> TASK DETAILS
Your response to the data below should hold nothing except the lines from the one containing "高览:通过签到即可获取的强力" down to the one containing "وكذلك ادَّعَوا في", reproduced exactly and without pictures.

> AVAILABLE RECORDS
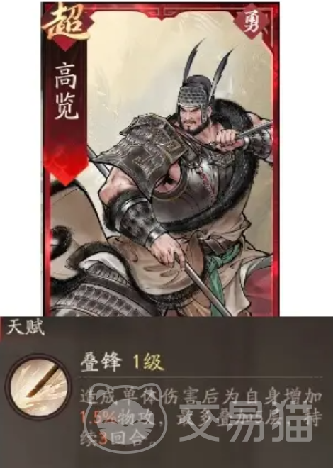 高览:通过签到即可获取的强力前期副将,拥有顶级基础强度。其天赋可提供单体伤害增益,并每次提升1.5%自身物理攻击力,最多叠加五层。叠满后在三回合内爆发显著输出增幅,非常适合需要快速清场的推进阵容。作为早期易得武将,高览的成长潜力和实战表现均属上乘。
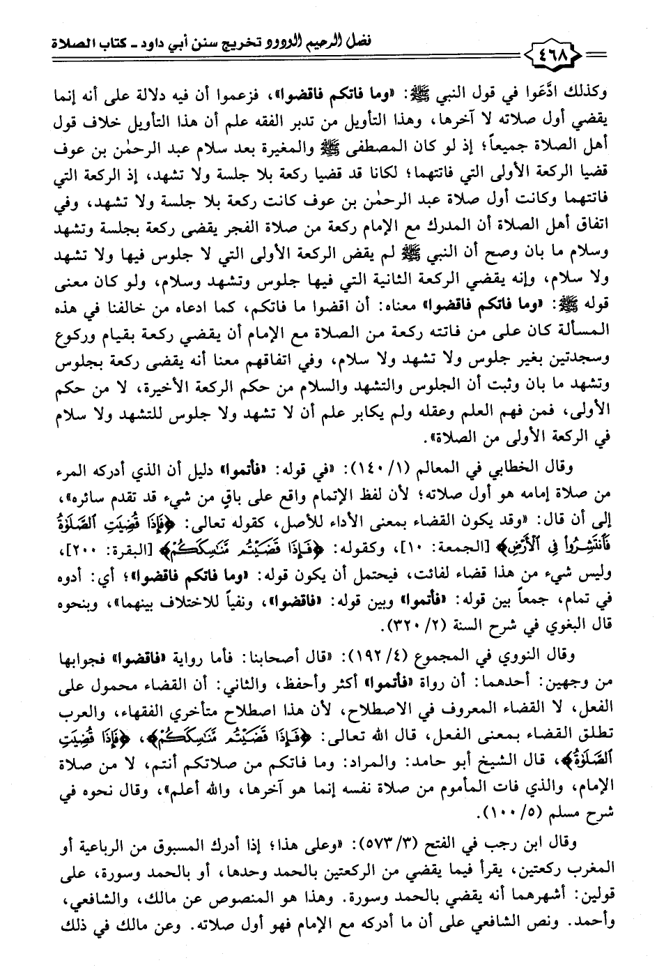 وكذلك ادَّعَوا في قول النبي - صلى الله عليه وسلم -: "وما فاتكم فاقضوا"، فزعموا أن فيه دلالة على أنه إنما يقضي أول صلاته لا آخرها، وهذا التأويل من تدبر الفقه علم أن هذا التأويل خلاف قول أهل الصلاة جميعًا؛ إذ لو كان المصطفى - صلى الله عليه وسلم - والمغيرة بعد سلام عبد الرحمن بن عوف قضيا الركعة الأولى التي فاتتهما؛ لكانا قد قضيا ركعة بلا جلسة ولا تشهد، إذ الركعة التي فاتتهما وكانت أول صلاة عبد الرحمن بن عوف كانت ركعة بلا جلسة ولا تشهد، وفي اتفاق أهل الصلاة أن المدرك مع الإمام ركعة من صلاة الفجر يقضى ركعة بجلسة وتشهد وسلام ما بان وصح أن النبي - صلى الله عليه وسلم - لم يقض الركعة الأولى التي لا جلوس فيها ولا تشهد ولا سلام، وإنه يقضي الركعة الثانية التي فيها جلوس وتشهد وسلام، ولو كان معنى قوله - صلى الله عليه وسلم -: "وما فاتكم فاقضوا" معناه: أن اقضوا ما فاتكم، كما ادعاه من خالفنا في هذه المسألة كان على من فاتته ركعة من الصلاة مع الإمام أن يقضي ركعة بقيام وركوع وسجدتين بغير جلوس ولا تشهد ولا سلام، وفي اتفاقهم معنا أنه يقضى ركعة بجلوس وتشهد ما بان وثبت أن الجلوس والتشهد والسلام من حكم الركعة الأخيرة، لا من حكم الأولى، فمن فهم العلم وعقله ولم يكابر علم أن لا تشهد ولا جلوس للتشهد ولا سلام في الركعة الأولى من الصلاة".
---
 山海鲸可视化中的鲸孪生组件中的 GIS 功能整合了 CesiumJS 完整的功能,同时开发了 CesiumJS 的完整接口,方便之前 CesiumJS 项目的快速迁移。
--
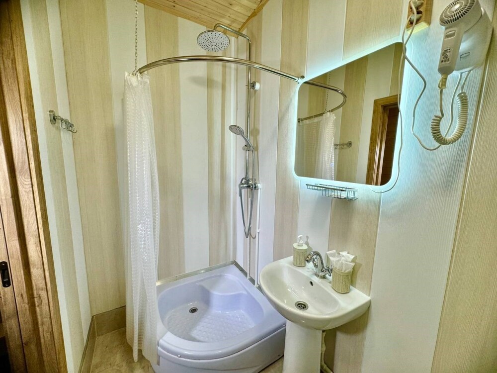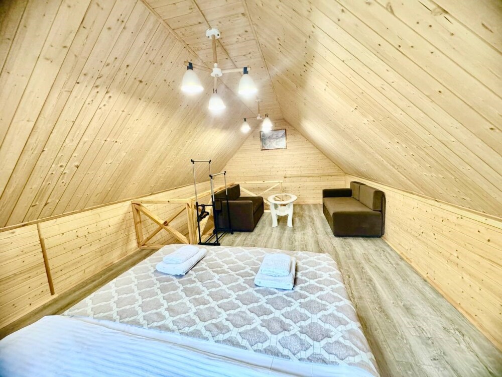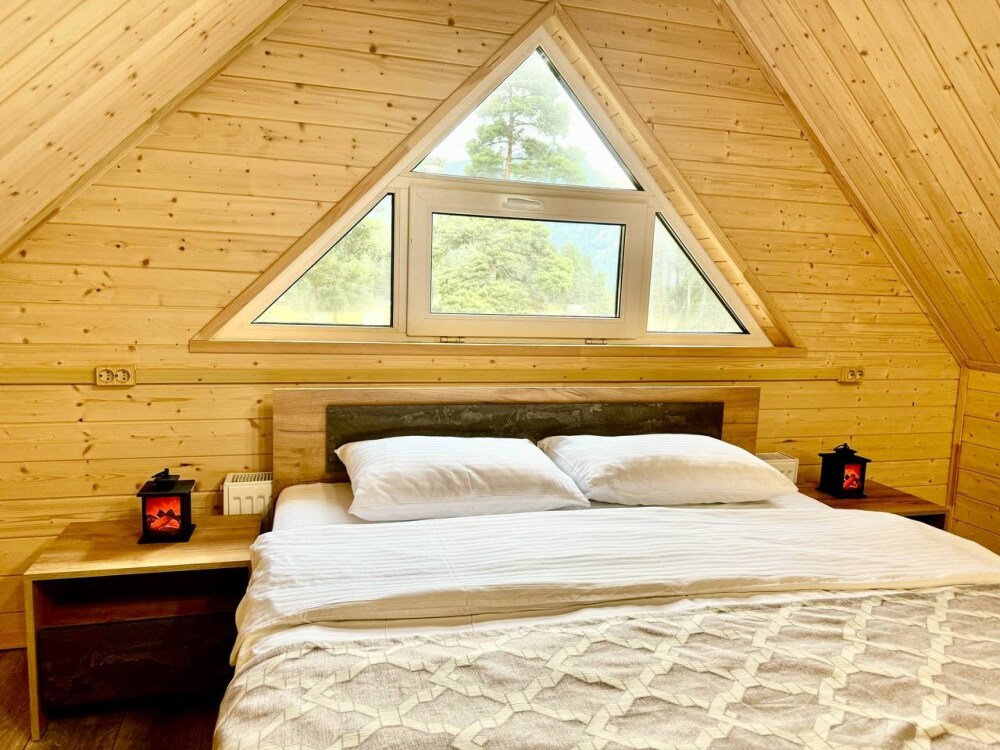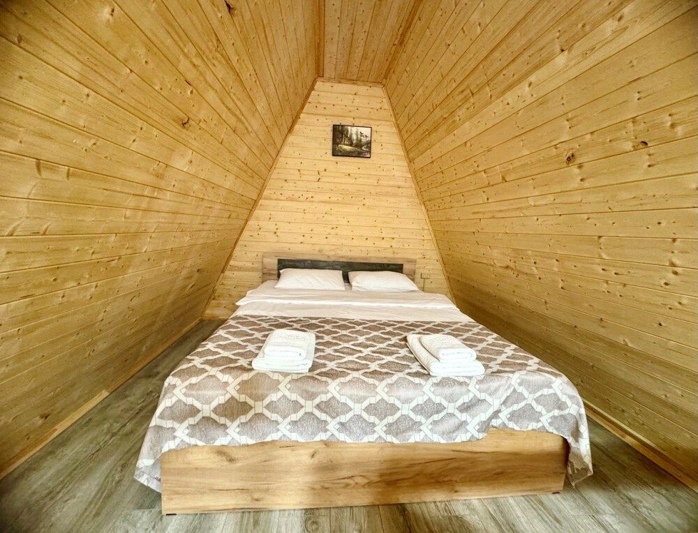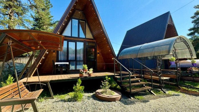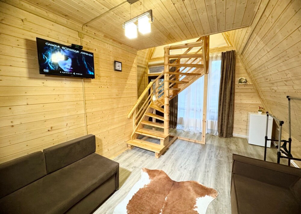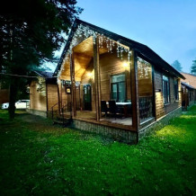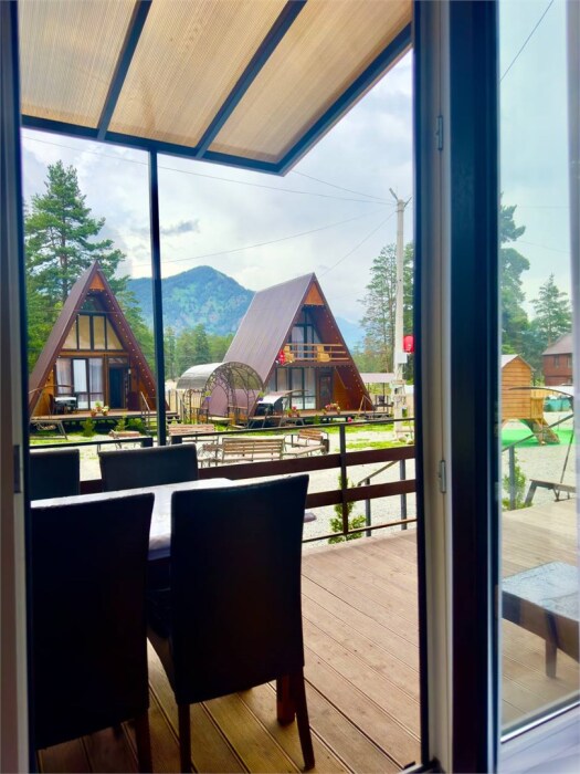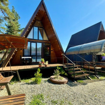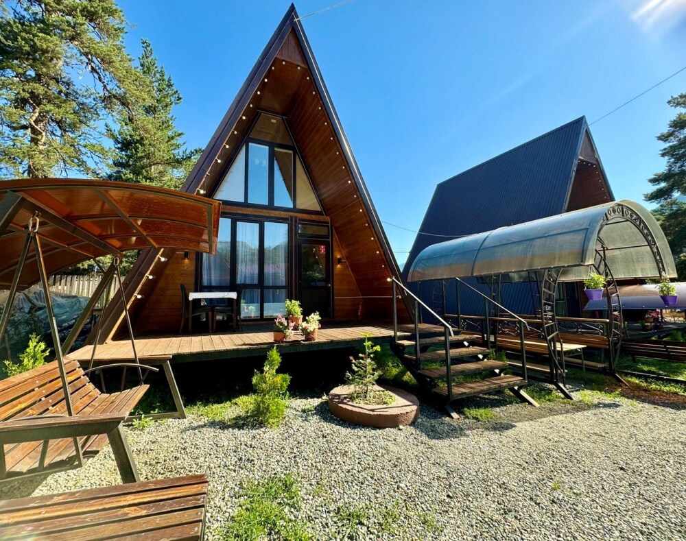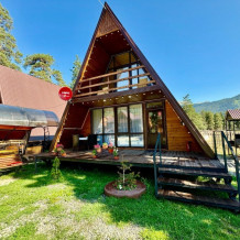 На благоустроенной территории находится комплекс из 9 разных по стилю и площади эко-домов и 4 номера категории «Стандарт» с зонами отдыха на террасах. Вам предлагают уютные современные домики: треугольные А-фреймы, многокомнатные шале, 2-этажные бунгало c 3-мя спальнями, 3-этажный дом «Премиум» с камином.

> SOLUTION TO THIS EXERCISE
 高览:通过签到即可获取的强力前期副将,拥有顶级基础强度。其天赋可提供单体伤害增益,并每次提升1.5%自身物理攻击力,最多叠加五层。叠满后在三回合内爆发显著输出增幅,非常适合需要快速清场的推进阵容。作为早期易得武将,高览的成长潜力和实战表现均属上乘。
 وكذلك ادَّعَوا في قول النبي - صلى الله عليه وسلم -: "وما فاتكم فاقضوا"، فزعموا أن فيه دلالة على أنه إنما يقضي أول صلاته لا آخرها، وهذا التأويل من تدبر الفقه علم أن هذا التأويل خلاف قول أهل الصلاة جميعًا؛ إذ لو كان المصطفى - صلى الله عليه وسلم - والمغيرة بعد سلام عبد الرحمن بن عوف قضيا الركعة الأولى التي فاتتهما؛ لكانا قد قضيا ركعة بلا جلسة ولا تشهد، إذ الركعة التي فاتتهما وكانت أول صلاة عبد الرحمن بن عوف كانت ركعة بلا جلسة ولا تشهد، وفي اتفاق أهل الصلاة أن المدرك مع الإمام ركعة من صلاة الفجر يقضى ركعة بجلسة وتشهد وسلام ما بان وصح أن النبي - صلى الله عليه وسلم - لم يقض الركعة الأولى التي لا جلوس فيها ولا تشهد ولا سلام، وإنه يقضي الركعة الثانية التي فيها جلوس وتشهد وسلام، ولو كان معنى قوله - صلى الله عليه وسلم -: "وما فاتكم فاقضوا" معناه: أن اقضوا ما فاتكم، كما ادعاه من خالفنا في هذه المسألة كان على من فاتته ركعة من الصلاة مع الإمام أن يقضي ركعة بقيام وركوع وسجدتين بغير جلوس ولا تشهد ولا سلام، وفي اتفاقهم معنا أنه يقضى ركعة بجلوس وتشهد ما بان وثبت أن الجلوس والتشهد والسلام من حكم الركعة الأخيرة، لا من حكم الأولى، فمن فهم العلم وعقله ولم يكابر علم أن لا تشهد ولا جلوس للتشهد ولا سلام في الركعة الأولى من الصلاة".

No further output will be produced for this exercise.